DATA SECTION:
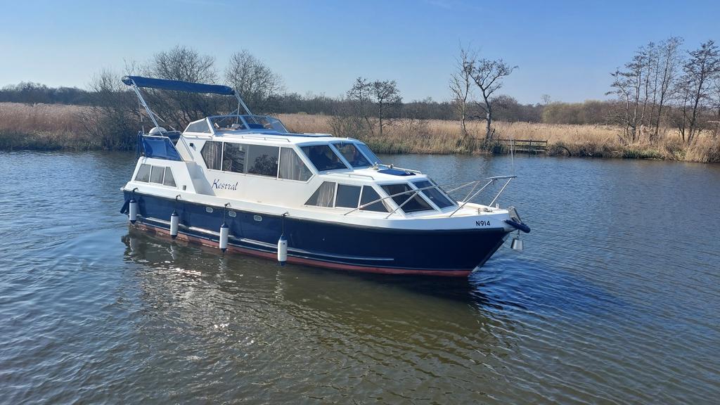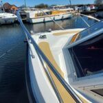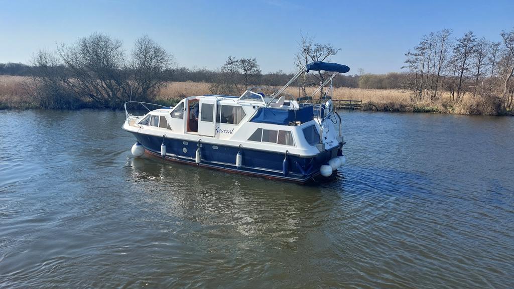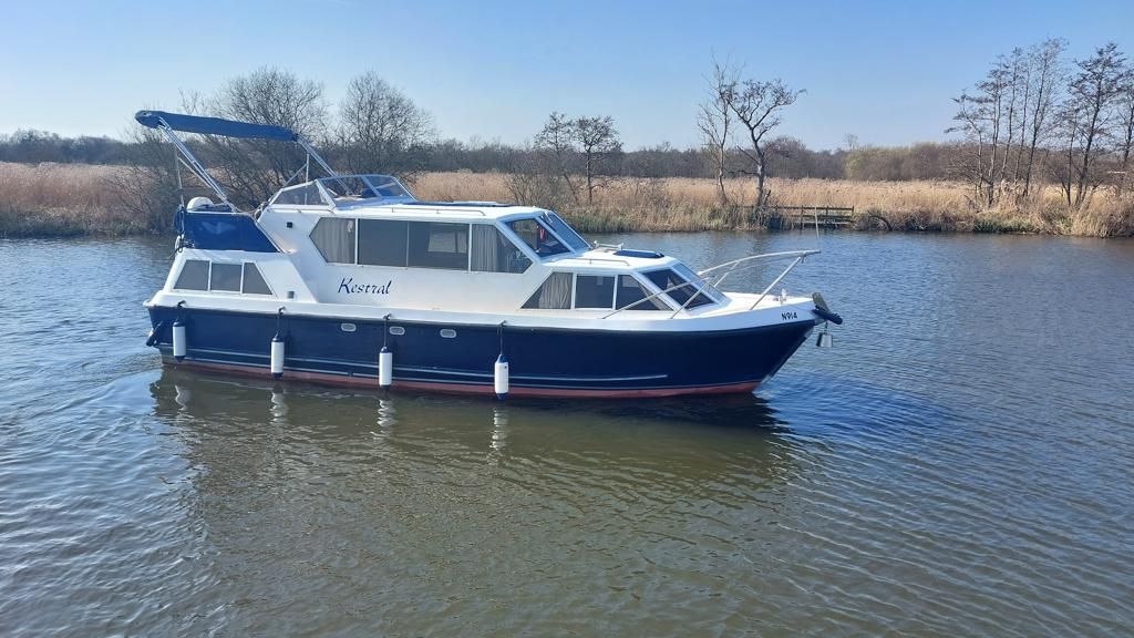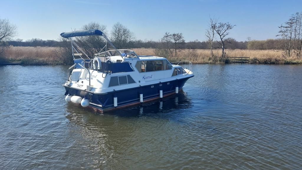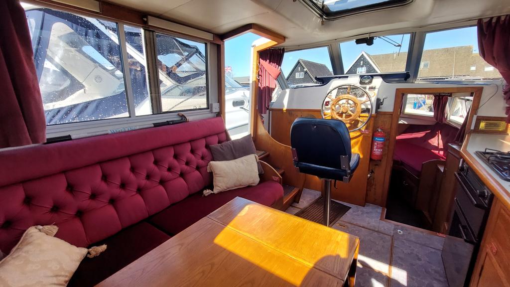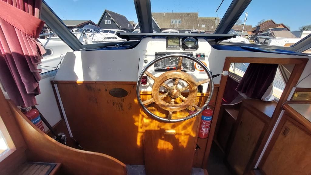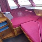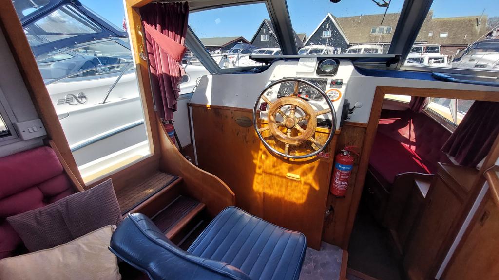 Alpha 29 Dual Steer – 1992 – Single BMC 1.8 ltr 52bhp diesel engine through a shaft. 4 berth accommodation across three cabins with 2 toilet/shower compartments. Specification to include; bow thruster, warm air heating, folding windscreens, bimini cover, electric windlass. “Kestrel” offers a lot of accommodation in a 29ft boat and would make an ideal craft on which to explore the broads. Folding windscreens give her access under most Broads bridges.
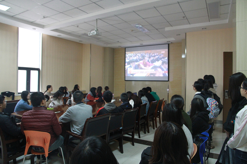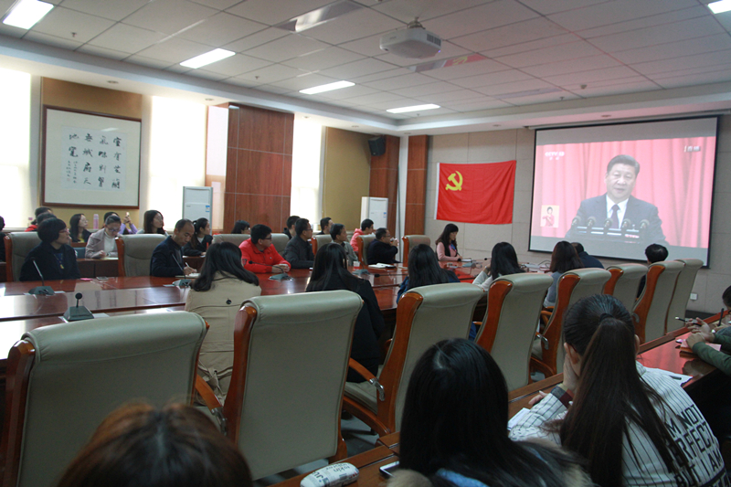 今天上午,中国共产党第十九次全国代表大会在北京盛大召开,香蕉视频 党委委员、党政领导,教工支部书记和党员代表,研究生党员、本科生党员和入党积极分子分别在致知楼1568、1621、1347和1447会议室收看十九大开幕式。教工中教应化支部单独组织党员在1555室集中收看十九大开幕式。
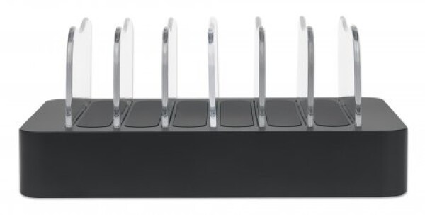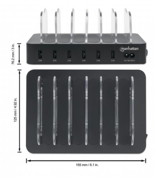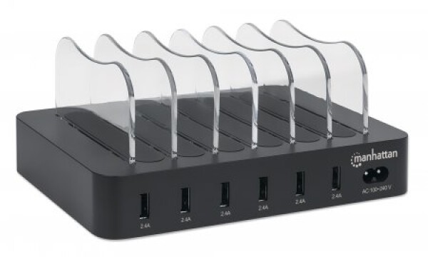 Manhattan Charging Station, 6x USB-A Ports, Outputs: 6x 2.4A, Smart IC, LED Indicator Lights, Black, Three Year Warranty, Box. Product colour: Black, Certification: CE FCC RoHS WEEE ETL. Input voltage: 100 - 240 V, Input current: 1 A. Width: 155 mm, Depth: 125 mm, Height: 76.2 mm. Cables included: AC. Quantity per pack: 1 pc(s)

EXERCISE BRIEF: Give the listing again word for word. Skip every image.

TASK ANSWER:
 Alpha 29 Dual Steer – 1992 – Single BMC 1.8 ltr 52bhp diesel engine through a shaft. 4 berth accommodation across three cabins with 2 toilet/shower compartments. Specification to include; bow thruster, warm air heating, folding windscreens, bimini cover, electric windlass. “Kestrel” offers a lot of accommodation in a 29ft boat and would make an ideal craft on which to explore the broads. Folding windscreens give her access under most Broads bridges.
 今天上午,中国共产党第十九次全国代表大会在北京盛大召开,香蕉视频 党委委员、党政领导,教工支部书记和党员代表,研究生党员、本科生党员和入党积极分子分别在致知楼1568、1621、1347和1447会议室收看十九大开幕式。教工中教应化支部单独组织党员在1555室集中收看十九大开幕式。
 Manhattan Charging Station, 6x USB-A Ports, Outputs: 6x 2.4A, Smart IC, LED Indicator Lights, Black, Three Year Warranty, Box. Product colour: Black, Certification: CE FCC RoHS WEEE ETL. Input voltage: 100 - 240 V, Input current: 1 A. Width: 155 mm, Depth: 125 mm, Height: 76.2 mm. Cables included: AC. Quantity per pack: 1 pc(s)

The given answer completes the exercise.